One reason for blocking dividends’ distribution might be an honest belief that the company’s surplus should be re-invested into the business, which seems to be in the interests of the company. But what if the motive was to pursue a personal advantage?
A legal analysis would examine whether refusing to pay a dividend is in breach of a statutory duty, and if the answer is yes - identify any legal remedies available for the aggrieved shareholder.
The duty to promote the company’s success means that "a director of a company must act in the way he considers, in good faith, would be most likely to promote the success of the company for the benefit of its members as a whole, and in doing so have regard (amongst other matters) to ... act fairly between members of the company" (s. 172(1) CA).

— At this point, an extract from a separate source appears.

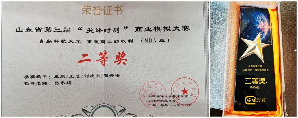 2020级MBA学员王庆、张云峰、王浩、刘晓东组成的“重塑商业的权利”队伍,在指导老师吕承超教授的指导下取得了二等奖的好成绩。

In considering whether a director acted in good faith, the question is "whether the director honestly believed that his act or omission was in the interests of the company?" (Regentcrest plc v Cohen (2001)).
In a situation such as this, the duty to promote the success of the company might have been breached where one director shareholder’s action proves to be unfair in relation to the other director shareholder.
Directors’ duties are of a cumulative nature, which means that "more than one of the general duties may apply in any given case" (s. 179 CA).
DUTY TO AVOID CONFLICTS OF INTEREST
Another duty which would apply in the above case is that of avoiding conflicts of interest. According to s. 175 CA, "a director of a company must avoid a situation in which he has, or can have, a direct or indirect interest that conflicts, or possibly may conflict, with the interests of the company".
"The interests of the company" mean the interests of the shareholders as a whole. If a director shareholder in refusing to vote for the dividend distribution is guided only by his own personal interests, he would be acting in breach of this general duty, as his interest would conflict with the interests of the company and most probably those of the other shareholder(s).
LEGAL REMEDIES
One option is for the shareholder aggrieved by unfairly prejudicial conduct, to file a petition for unfair prejudice as allowed by the CA.
According to s. 994(1), "a member of a company may apply to the court by petition for an order [...] on the ground – (a) that the company’s affairs are being or have been conducted in a manner that is unfairly prejudicial to the interests of members generally or of some part of its members (including at least himself), or (b) that an actual or proposed act or omission of the company (including an act or omission on its behalf) is or would be so prejudicial". The relief sought is normally an order that the other shareholders (or the company itself) purchase the minority shareholding at fair value. However, the court has complete discretion to make orders to adjust the unfair prejudice suffered by the minority shareholder.
Another option is for a shareholder to bring a derivative claim in the name of and for the benefit of the company. A derivative claim may arise from an actual or proposed act or omission by a director of the company involving negligence, default, breach of duty or breach of trust (S. 260 CA). However, the shareholder has no greater right to relief than the company would have, were it to bring the action itself and any financial award would accrue to the company only.
CONCLUSION
Clearly, the question of whether a director has breached his duties is open to argument and interpretation.
If a situation of the kind described above arises, an aggrieved party should first consult a solicitor to identify whether the other director shareholder has breached his statutory duties, and, secondly, to advise on the best course of action to resolve the problem amicably if at all possible, but if necessary, by legal action.
However, following the Queen’s advice, executing a shareholders’ agreement, is the best insurance for avoiding expensive disputes and having to resort to the courts for a remedy!
This article contains general advice and comments only and therefore specific legal advice should be taken before reliance is placed upon it in any particular circumstances.